Любопытно, как она про вегетарианцев узнала, подумал я, неплохой у нее словарный запас. Видимо, она меня еще не раз удивит, пора выводить старушку на откровенность.
А ты, я посмотрю, бабуля, все знаешь, слова современные употребляешь, в самом центре живешь да хозяйство ведешь. Так что за беда с тобой случилась, от чего ты на всех разозлилась?
Баба-Яга погрустнела и принялась изливать мне всю свою широкую многовековую душу.
Эх, служивый, знал бы ты, каково мое житье-бытье. Я в этом районе почти первая жительница, больше ста лет тут обитаю, все кусты да кочки знаю.
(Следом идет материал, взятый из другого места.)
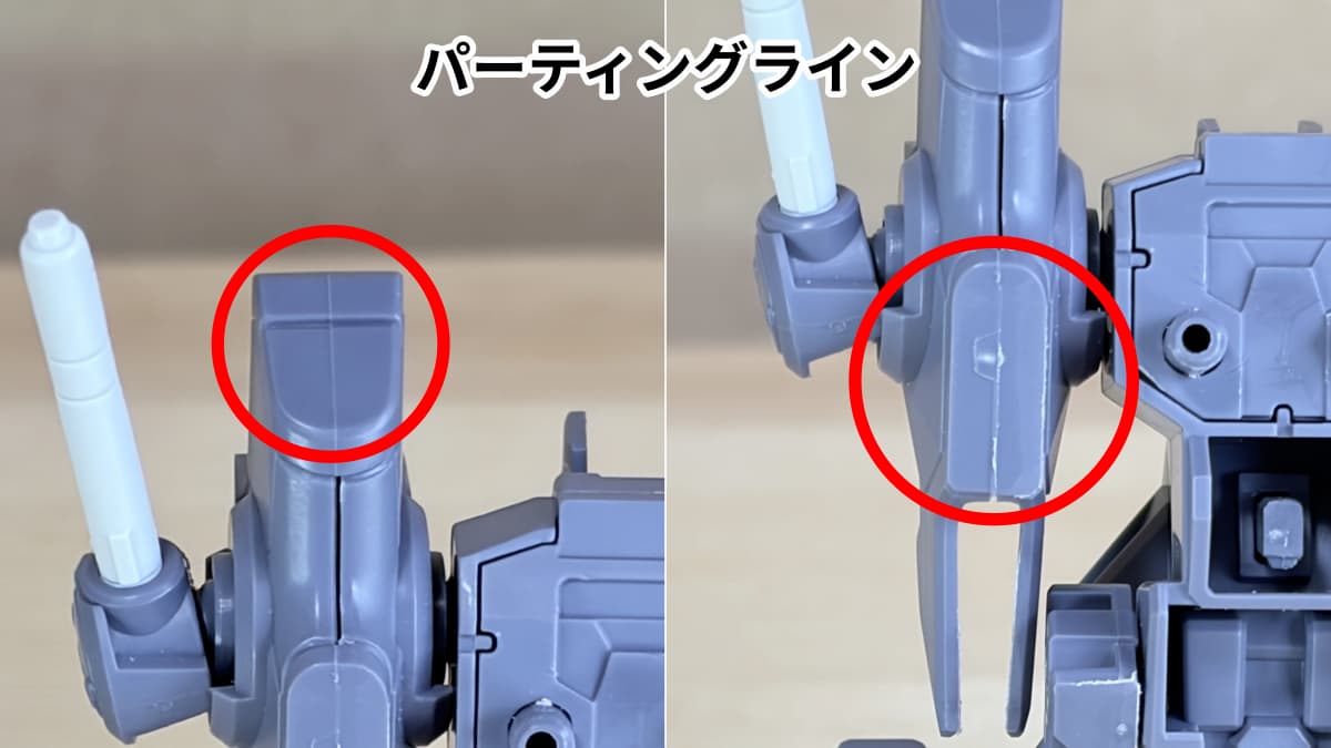 アニメ本編ではバックパックと脇の下の装甲にこのラインが存在しません。レシーバーガンはグリップ付近が見えないので確認できませんでした。

Вернее, знала. Еще молодкой с леса своего прискакала, в столицах жить мечтала. Построила избу всем на загляденье, в силу своего уменья. По вечерам над домами да дворцами летала, наряды меняла, гостей принимала, Лешего повстречала. Жили мы душа в душу лет пятьдесят. Ох и хозяйственный он был, всю мебель соорудил, меня на руках носил. А люди ох какие были, на загляденье. Уважали, почитали, боялись да пугались. Гостинцы приносили, колдовать просили, задобрить пытались, ни на что не обижались. Не жизнь была, а сказка. С прудов Екатерининских кикиморы в гости приходили, танцам да песням учили. Домовой по хозяйству помогал, ни бед, ни забот не знала. Но тут наступил прогресс этот, будь он неладен. Окружили старушку домами высокими, дорог с повозками настроили, не выйти, не взлететь. Домовые все повывелись, Лешему пугать некого стало. Загрустил он, затосковал да назад в лес с Кикиморой болотной сбежал подруга, называется. Потеряли человеки страх и уважение всякое к бабушке. Бранятся, ругаются, нечистью обзываются, мальчишки банками да палками кидаются, ой, горе мне, горемычной!
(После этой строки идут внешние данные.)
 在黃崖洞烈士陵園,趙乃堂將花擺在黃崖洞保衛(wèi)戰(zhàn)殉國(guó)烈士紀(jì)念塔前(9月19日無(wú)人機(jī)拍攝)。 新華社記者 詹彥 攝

Старушка снова разрыдалась и принялась утирать градом текущие слезы. Я нашел в кармане бумажные платки всегда брал с запасом и протянул Яге. Она попыталась улыбнуться, благодарно приняла всю пачку и собиралась сунуть ее в рот, решив, что это угощение. Я вовремя спохватился, ухватил ее за руку, раскрыл упаковку, достал один платочек и промокнул ее слезы. Теперь сконфузилась уже бабуля. Она сразу перестала рыдать и принялась рассматривать невиданное диво за три рубля из ближайшего магазина. Изучив упаковку, она вдруг подскочила: «Ой, молодец, я ж тебе чай не налила, совсем старая да никудышная стала». Она быстро взяла с полки над самоваром пыльную кружку, открутила краник самовара. Комнату заполнил запах скошенной травы, а чашка наполнилась темно-коричневой мутной жидкостью. Я, признаться, до чистоты брезгливый, но отказываться было нельзя. Да и пахло так, как в чистом поле после дождя, чуть сладко и свежо. Я сделал крохотный глоток, вкус был мягкий, тепло мгновенно растеклось по груди, и всю усталость как рукой сняло. Бабуля налила чаю и себе, взяла кусок булки и засмаковала.
Эх, свежа да нежна, давно мне таких гостинцев никто не приносил, вот уважил ты меня, служивый.
Да на здоровье, Ягуля, ты расскажи, только без слез и рыданий, как тебя на дорогу занесло?
Старушка явно прониклась ко мне доверием и начала свой рассказ.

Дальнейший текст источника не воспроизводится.